Hoeveel huishoudens moeten nu nog huursubsidie terug betalen? Om welk bedrag gaat het gemiddeld?

Het aantal nog openstaande vorderingen is in week 21 230.782 vorderingen.

Het totaal bedrag aan openstaande vorderingen is in week 21 € 124.917.743,92

Het gemiddelde bedrag is dus: 124.917.734,92 / 230.782 = € 541,28.

In deze aantallen zijn ook de huishoudens meegerekend die via de verhuurder nog verrekend worden, ongeveer 1% van het bedrag.

19

Klopt het dat in 2005 ruim € 36 miljoen minder wordt besteed aan BLS-gelden als gevolg van «aanpassing meerjaren raming convenanten» en kunt u dit nader toelichtingen?

Ja, in 2005 wordt inderdaad ruim € 36 mln minder aan BLS gelden besteed. Dit wil echter niet zeggen dat er voor de woningbouwafspraken 2005 tot en met 2009 € 36 mln minder aan BLS geld beschikbaar is.

De aanpassing van de meerjarenraming hangt samen met de in het kader van de woningbouwafspraken overeengekomen subsidiesystematiek. Deze subsidiesystematiek houdt in dat de met de partners overeengekomen BLS-bijdragen, gefaseerd over de periode 2005 tot en met 2010, ten dele vooraf betaalbaar worden gesteld en ten dele – afhankelijk van de door de partners geleverde woningbouwprestaties – steeds in het jaar achteraf. Het vooraf uit te keren deel bedraagt 65% van de voor dat jaar overeengekomen BLS-bijdrage. Het een jaar later, voor het eerst in 2006, uit te keren deel bedraagt 35%. Uitbetaling van dat tweede deel is afhankelijk van de door de partners geleverde woningbouwprestaties in het voorafgaande jaar. Deze prestatiegerichte subsidiesystematiek houdt in dat de eerste BLS betaling, die in 2005 plaatsvindt, 65% bedraagt van de met de partners voor 2005 overeengekomen BLS bijdrage en dat de laatste BLS betaling, na afloop van de uitvoeringsperiode 2005 tot en met 2009, in 2010 betaalbaar wordt gesteld. De meerjarenraming is op deze subsidiesystematiek aangepast. De uitgavenraming 2005 is hierom met € 36 mln verlaagd. Dit bedrag is doorgeschoven naar 2010 wanneer de laatste BLS betaling plaatsvindt.

20

Kan een meerjarig totaaloverzicht worden gegeven – vanaf de start van het ISV – waarin alle verschuivingen, herschikking en bezuinigingen op het terrein van ISV worden gepresenteerd?

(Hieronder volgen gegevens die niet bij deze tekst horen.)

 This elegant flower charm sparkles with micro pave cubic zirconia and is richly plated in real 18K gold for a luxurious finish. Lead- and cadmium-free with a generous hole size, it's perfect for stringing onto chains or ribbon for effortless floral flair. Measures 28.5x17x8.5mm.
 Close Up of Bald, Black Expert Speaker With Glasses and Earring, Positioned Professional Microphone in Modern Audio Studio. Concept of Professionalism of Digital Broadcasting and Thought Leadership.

De oorspronkelijke raming van de beschikbare middelen voor de totale ISV periode bedroeg € 3.685 mln. De onderverdeling naar ISV 1 en ISV 2 was als volgt:

a) ISV 1: € 1.955 mln (inclusief ISV budget voor grote bodemsanering ad € 352 mln).

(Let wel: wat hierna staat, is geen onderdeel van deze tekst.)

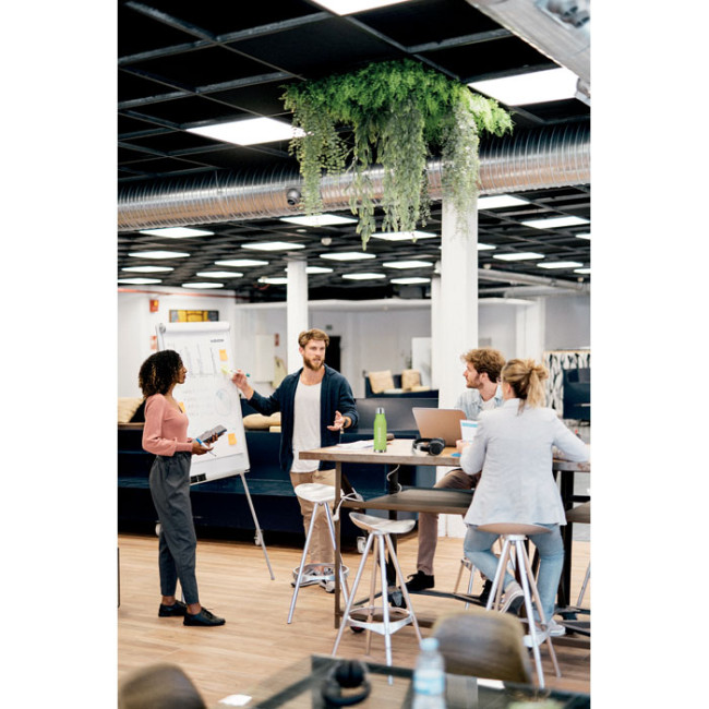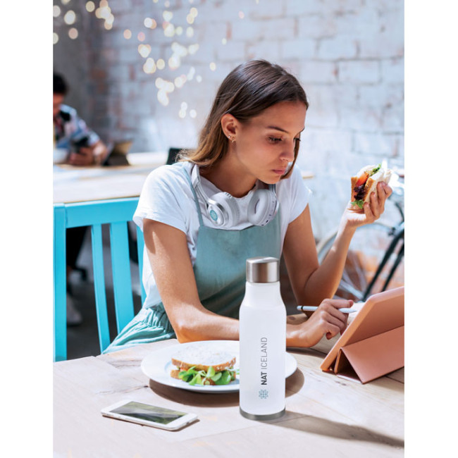 Bottiglia in RPET con finitura gommata e anello in silicone, progettata per un utilizzo pratico e sicuro. Con una capacità di 600 ml, è BPA free e anti goccia, rendendola ideale per il trasporto di liquidi. Non adatta a bevande gassate, alcoliche e a base di latte.

b) ISV 2: € 1.730 mln (exclusief budget voor grote bodemsanering).

Ad a)

Ultimo 1999 was er voor ISV I € 1.955 mln beschikbaar. Lopende het tijdvak hebben zich de volgende wijzigingen voorgedaan:

Bedragen x € mlnUitgaven
Inzet extra middelen voor stedelijke funderingsproblematiek en voor maatwerk66
Sociale impuls op basis van de nota Mensen Wensen Wonen84
Totaal150

Na doorvoering van deze begrotingsmutaties bedraagt het beschikbare budget voor de ISV 1 periode € 2.105 miljoen.

Ad b)

Ultimo 1999 was er voor ISV 2 € 1.730 miljoen beschikbaar. Na 1999 zijn de volgende wijzigingen opgetreden:

Bedragen x € mlnUitgaven
Sociale impuls op basis van de Nota Mensen Wensen Wonen113
Doorwerking prijscompensatie 99–2002275
Invoeren afzonderlijke economische pijler– 119
Taakstelling kabinet Balkenende 1– 421
Taakstelling kabinet Balkenende 2– 275
Bijdrage van de Ministeries LNV en OC&W tbv ISV 231
Afboeking doelmatig aanbesteden bouw– 51
Toevoeging budget bodem ISV153
Toevoeging budget Vinac kleine bodemsanering168
Totaal– 126

Na doorvoering van deze begrotingsmutaties is er een budget beschikbaar voor ISV 2 van € 1.604 mln. Hiervan is € 110 mln beschikbaar voor gerichte stimuleringsmaatregelen (Impulsbudget).

De volgende kasverschuivingen zijn doorgevoerd:

• naar voren halen van betaling van de middelen voor het ISV 1 onderdeel «fysieke stadseconomie» van de jaren 2005 en 2006 naar 2001/2002. Het betrof hier een bedrag van circa € 35 mln.

• Naar voren halen van betalingen van 2002 naar 2001. Het betrof hier een bedrag van circa € 287 mln.

• Naar achteren schuiven van betalingen van 2003 naar 2004 en 2005. Het betreft hier een bedrag van circa € 181 mln waarvan circa 72 miljoen naar 2004 is doorgeschoven en circa 109 mln naar 2005.

• Naar voren schuiven van betalingen van 2006 (€ 10 mln) en 2007 (€ 5 mln) naar 2005 (€ 15 mln).

• Naar achteren schuiven van € 125 mln van 2005 naar 2007 (€ 35 mln) en naar 2008, 2009 en 2010 van resp. € 30 mln.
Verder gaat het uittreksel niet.